Il nuovo vettore virale: più sicuro e stabile
La novità tecnologica più rilevante riguarda il tipo di vettore virale utilizzato per trasportare il gene sano nelle cellule. Se la terapia genica precedente, sviluppata in Italia, impiegava un retrovirus con un rischio di alterazioni indesiderate, la nuova versione sfrutta un lentivirus, considerato più stabile e sicuro. Nessuna complicazione grave è stata finora rilevata nei pazienti ai quali è stata somministrata. Inoltre, le cellule corrette possono essere congelate e spedite in altri ospedali, un passo fondamentale verso la diffusione della cura su scala globale.
Il precedente italiano e la sfida economica
L’ADA-SCID rappresenta un modello emblematico del dilemma delle malattie rare: terapie potenzialmente risolutive, ma destinate a pochissimi pazienti e quindi difficili da sostenere economicamente.

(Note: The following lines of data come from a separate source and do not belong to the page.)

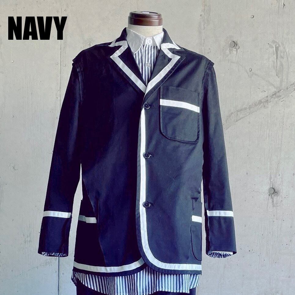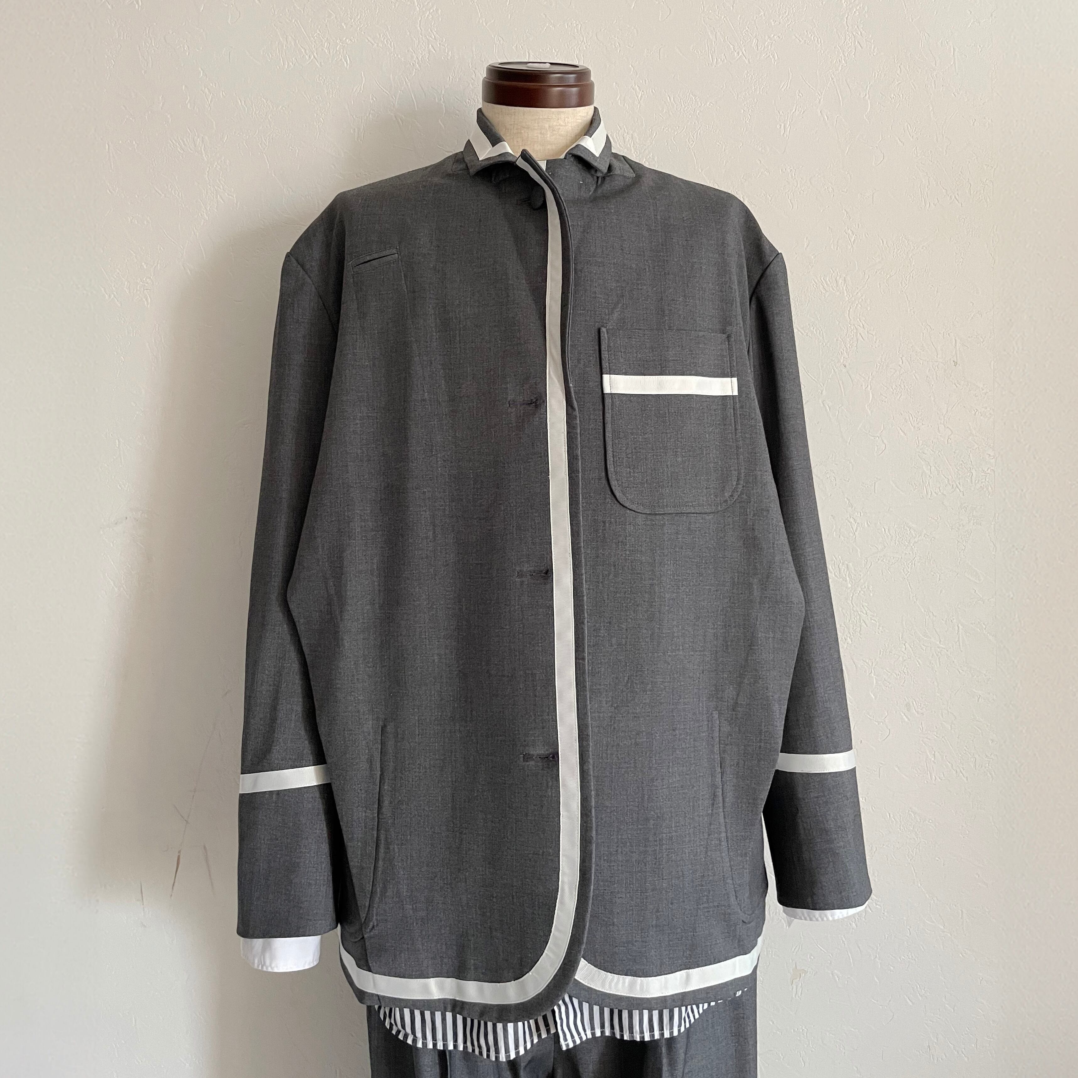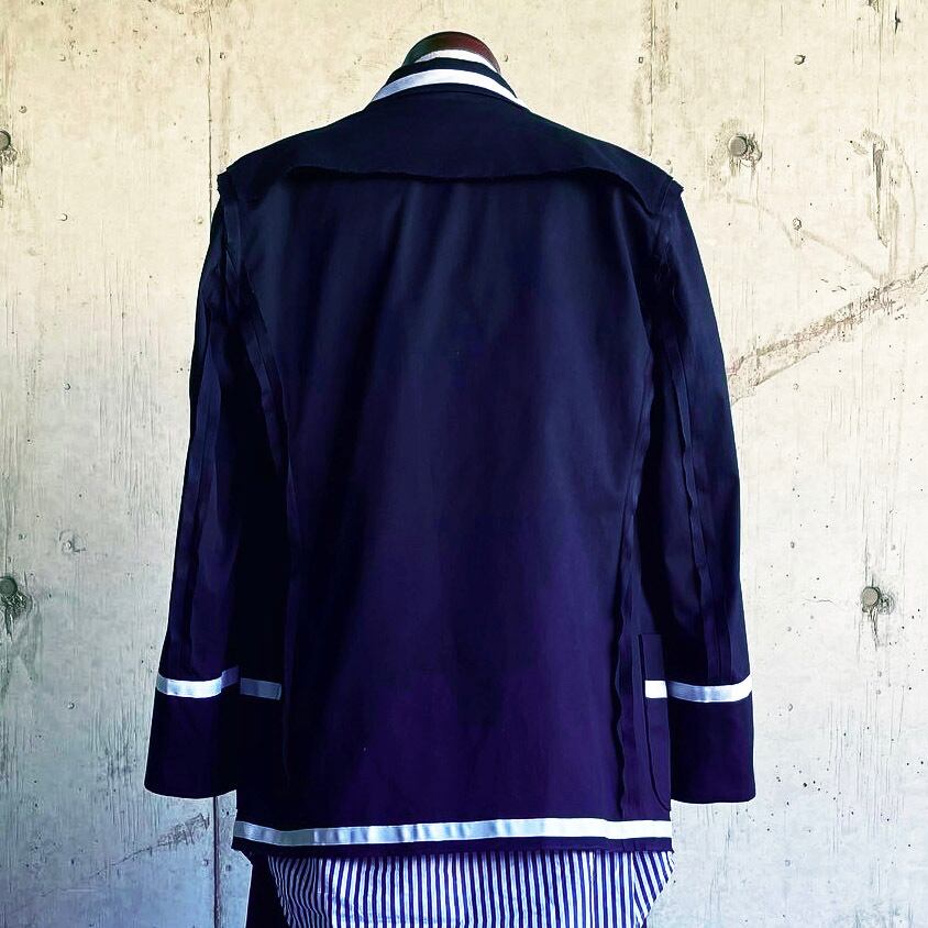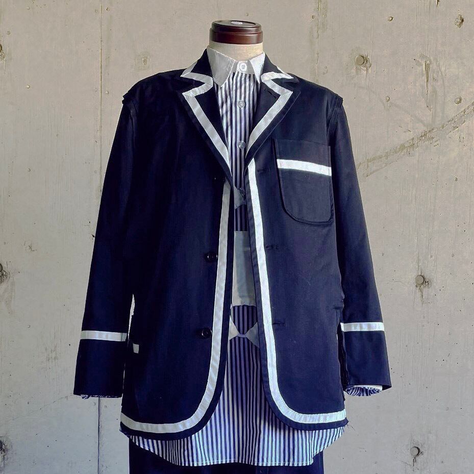 このジャケットの革新性は、通常は隠される「裏側」のデザインを敢えて表に出した構造にあります。裏返しにした時の縫製や構造美を前面に押し出すことで、服作りの常識に挑戦しています。白いパイピングは、この「反転」の境界線を象徴的に示し、服の概念そのものを問い直す試みなのです。
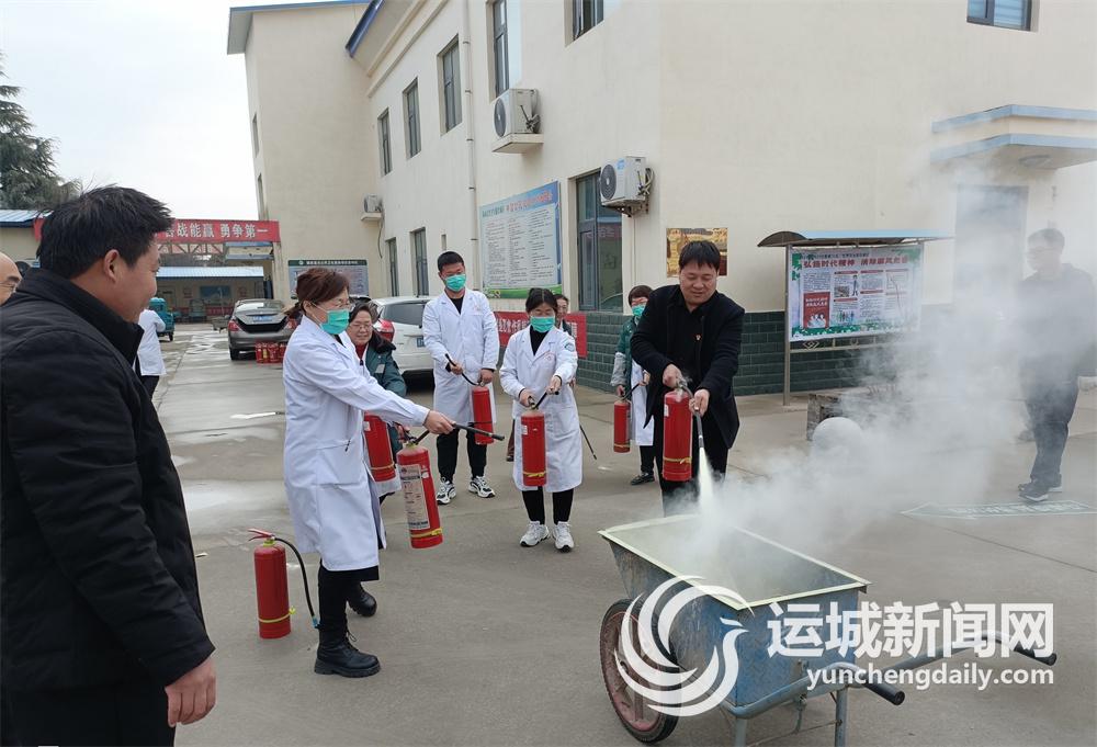 2月11日,临猗县耽子镇中心卫生院职工在院内举行灭火演练。
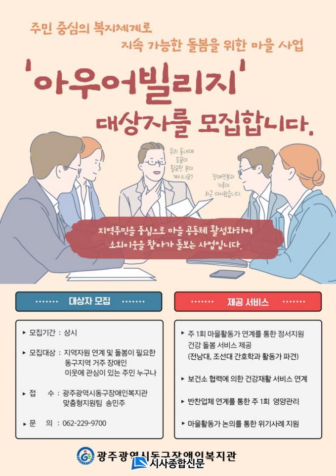 ¸¶À»È°µ¿°¡ ¸ðÁýÀº »ó½Ã ÁøÇàÇϰí ÀÖÀ¸¸ç, ÀÌ¿ô¿¡ °ü½ÉÀÌ ÀÖ´Â ´©±¸³ª Âü¿©ÇÒ ¼ö ÀÖ´Ù. ¸¶À»È°µ¿°¡¿Í ÇÔ²² ¾Æ¿ì¾îºô¸®ÁöÀÇ µµ¿òÀÌ ÇÊ¿äÇÑ ÀÌ¿ôµµ ¸ðÁýÇϰí ÀÖ´Ù. ´ë»óÀº µ¿±¸ °ü³»¿¡ °ÅÁÖÇÏ´Â Àå¾ÖÀÎÀ̸ç, º»ÀÎÀÌ Á÷Á¢ ½ÅûÇϰųª ÁÖº¯¿¡ µ¹º½°ú Áö¿ª»çȸÀÇ ¿¬°è°¡ ÇÊ¿äÇÑ ÀÌ¿ôÀ» ÃßõÇÒ ¼ö ÀÖ´Ù.
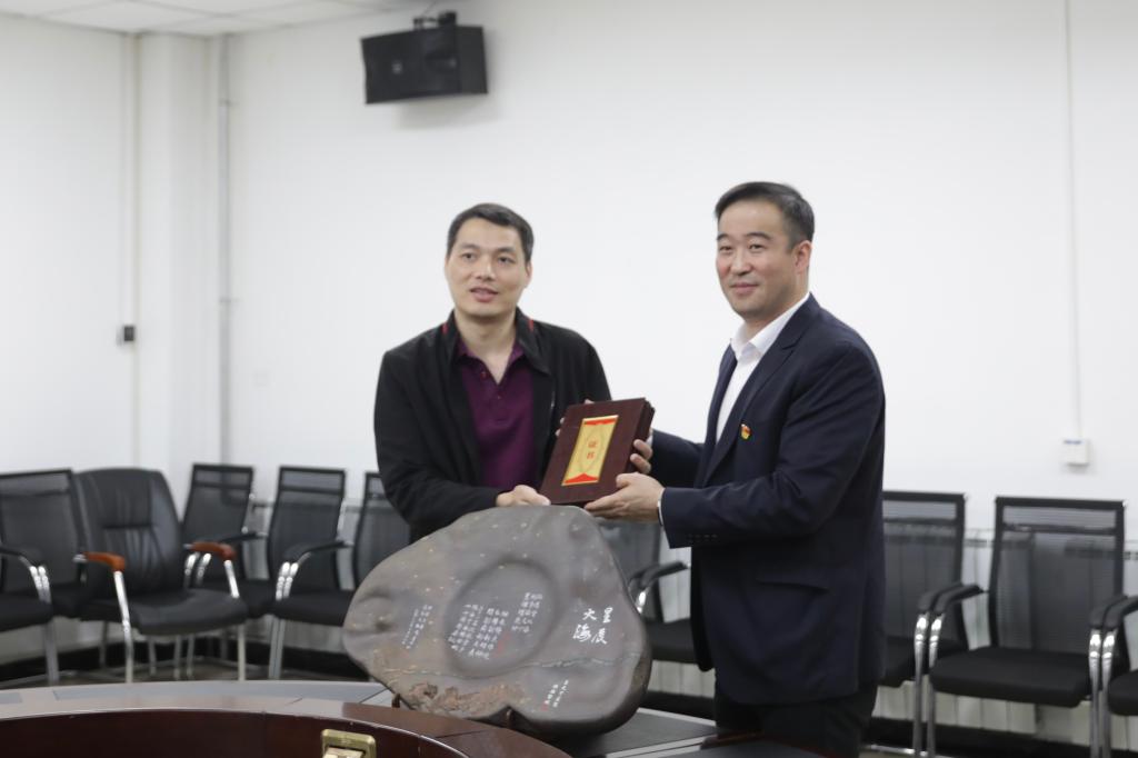 招生就业处处长、校友总会常务副会长银国涛向端砚“星辰大海”捐赠校友代表颁发捐赠证书。

Il precedente europeo, Strimvelis, nato all’Ospedale San Raffaele di Milano con il sostegno della Fondazione Telethon e dell’azienda GSK, era stato il primo trattamento genico approvato dall’Agenzia Europea dei Medicinali nel 2016. Ma la sua diffusione è rimasta limitata. Il costo elevato, unito alla scarsità di pazienti e alle complessità produttive, ha spinto la casa farmaceutica a sospenderne la commercializzazione. Oggi, la produzione di Strimvelis è garantita proprio da Telethon, che ne ha preservato la disponibilità per i casi più urgenti.
Verso una cura accessibile a tutti
Intanto, il gruppo di Donald Kohn lavora per industrializzare il nuovo trattamento e renderlo accessibile. Il brevetto appartiene all’UCLA e all’University College di Londra, mentre una nuova azienda, Rarity PBC, fondata dagli stessi ricercatori, ha ricevuto 13 milioni di euro di finanziamento pubblico per perfezionare la produzione su larga scala.